Bye bye to 'golden hello'

January 9, 1998

EMPLOYERS will be reluctant to offer "golden hellos" to attract fee-paying graduates, but will increasingly turn to sponsorships and salary differentials to lure high-fliers, according to the Association of Graduate Recruiters.

The Graduate Salaries and Vacancies Survey 1998, conducted for the AGR by the Institute for Employment Studies, predicts that investing in higher education tuition fees will yield an acceptable return as graduate vacancies and starting salaries continue to increase. Extramural activities such as work experience will be particularly well rewarded, it says.

Graduate recruiters will need 18.5 per cent more recruits in 1998, but they expect a struggle. In 1997 vacancies grew by 13.1 per cent, compared to 1996, but over half of recruiters were unable to fill them.

Average graduate starting salaries in 1998 are expected to rise above average growth, from a 1997 median of Pounds 15,500 to Pounds 16,000. At the top end of the starting pay scale, salaries are expected to rise 5.1 per cent to Pounds 20,000. Only 10 per cent of recruiters pay less than Pounds 14,000.

Salary progression for graduates increases rapidly. Graduates who started work in 1996 on an average starting salary of Pounds 14,774 were able to command Pounds 17,000 in 1997. Graduates who started work in 1994 on Pounds 13,500 progressed to Pounds 21,000.

Roly Cockman, chief executive of the AGR, said: "Even with the projected financial implications for students, university education is a very good investment."

More employers than ever - three-quarters of survey respondents - are providing work experience for undergraduates, and are offering higher salaries for students with such experience.

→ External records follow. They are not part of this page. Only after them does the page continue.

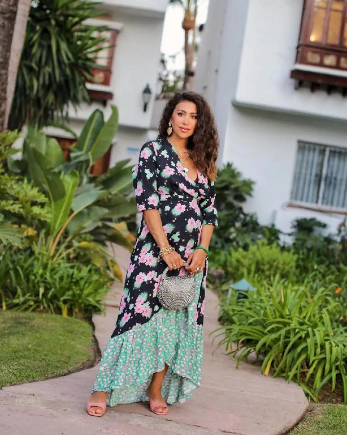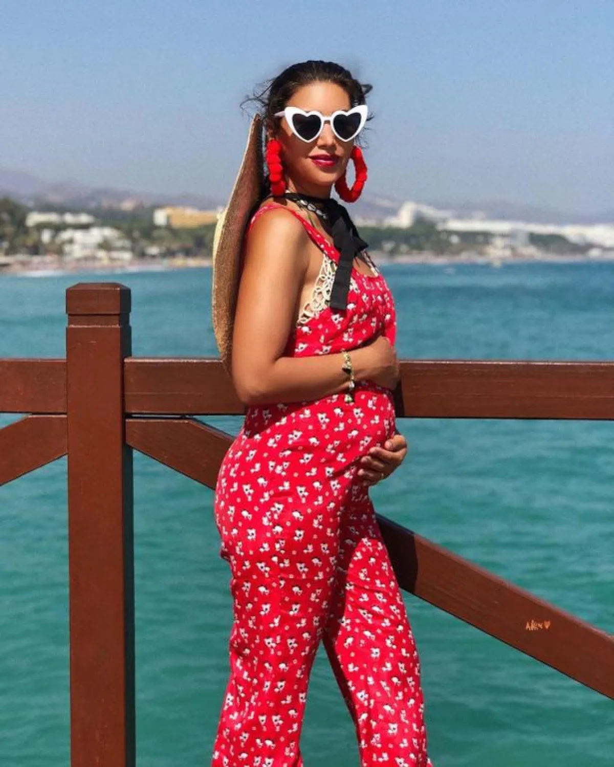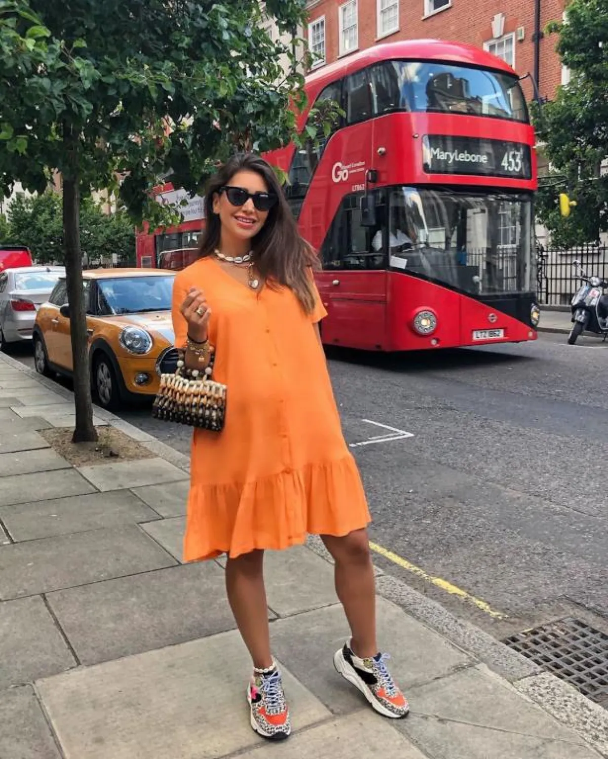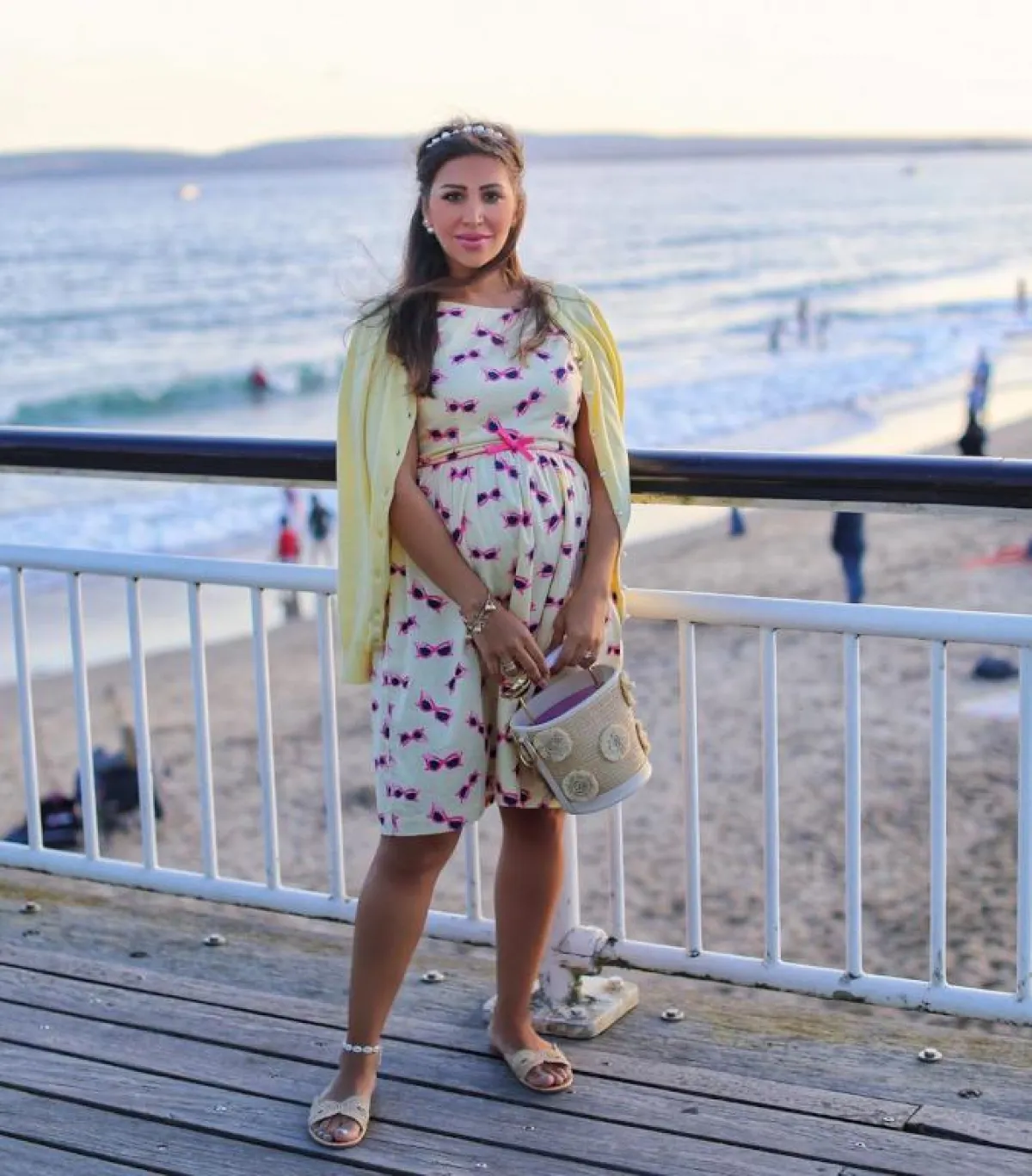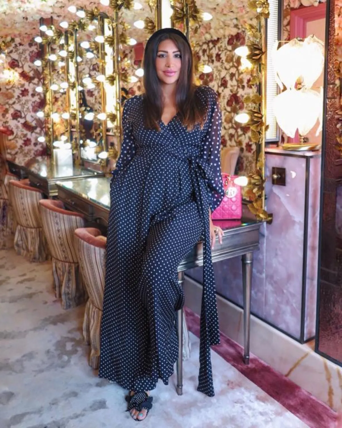 اعتمدت المدونة العراقية مايا وليامز جمبسوت بفتحة صدر ممتدة مع قصة الأكتاف الفضفاضة، جميعها تفاصيل جاءت مناسبة لامرأة حامل في شهور متقدمة.
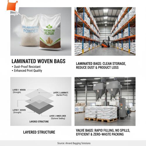 | نشت پودر و گردوغبار | لمینت بهتر + دوخت تقویت + در صورت نیاز لاینر | تمیزی انبار و افت ضایعات |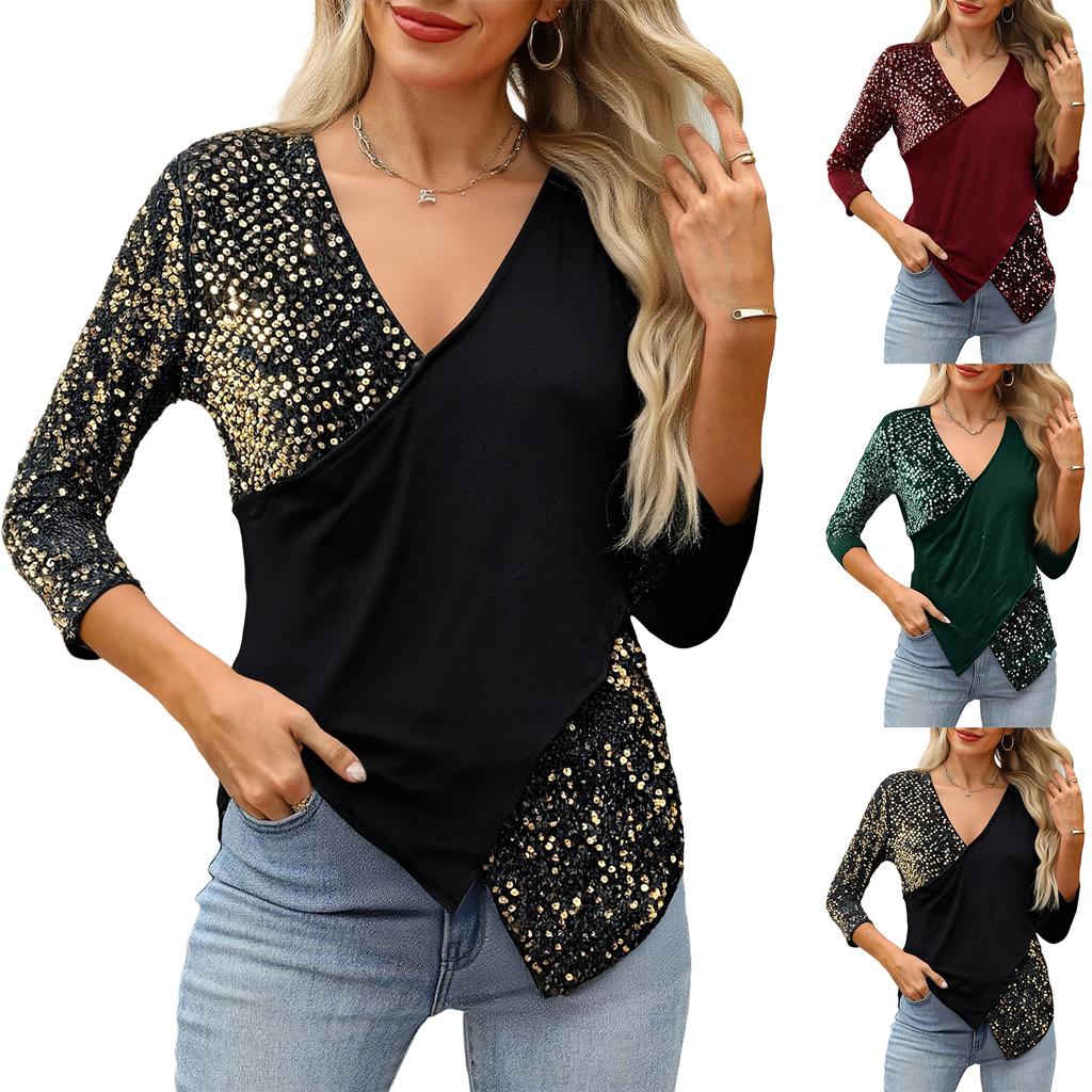 Ladies' Fashionable Casual Sequin Splicing V,neck Hanging Neck Long Sleeved Irregular T,shirt Top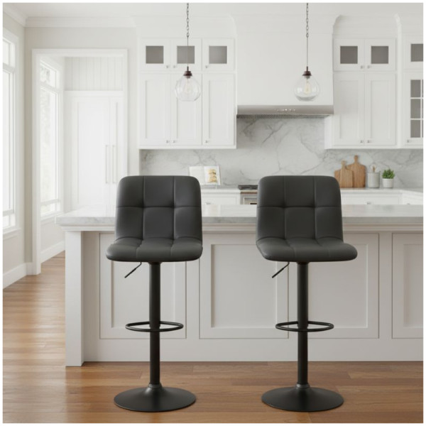 Σκαμπό μπαρ Carmelo Megapap με ρυθμιζόμενο ύψος από τεχνόδερμα χρώμα μαύρο – βάση μαύρο ματ 45x42x90/113εκ. Δώστε στιλ και λειτουργικότητα στον χώρο σας

In 1997, over 50 per cent of employers offered paid differentials to reward work experience and outside skills, compared to 34 per cent in 1996. More sponsorship deals for final-year students will be on offer in 1998. In 1997, 40 per cent offered sponsorship.

But the survey found a general reluctance to turn to golden hellos, in response to mounting student debt levels, and the spectre of tuition fees. Employers recognised that graduates face increasing debt burdens, and expressed concern, but the survey found that there was a stand-off between competing organisations over golden hellos. "The largest factor which could trigger the introduction of golden hellos was the intention of key competitors," the report said.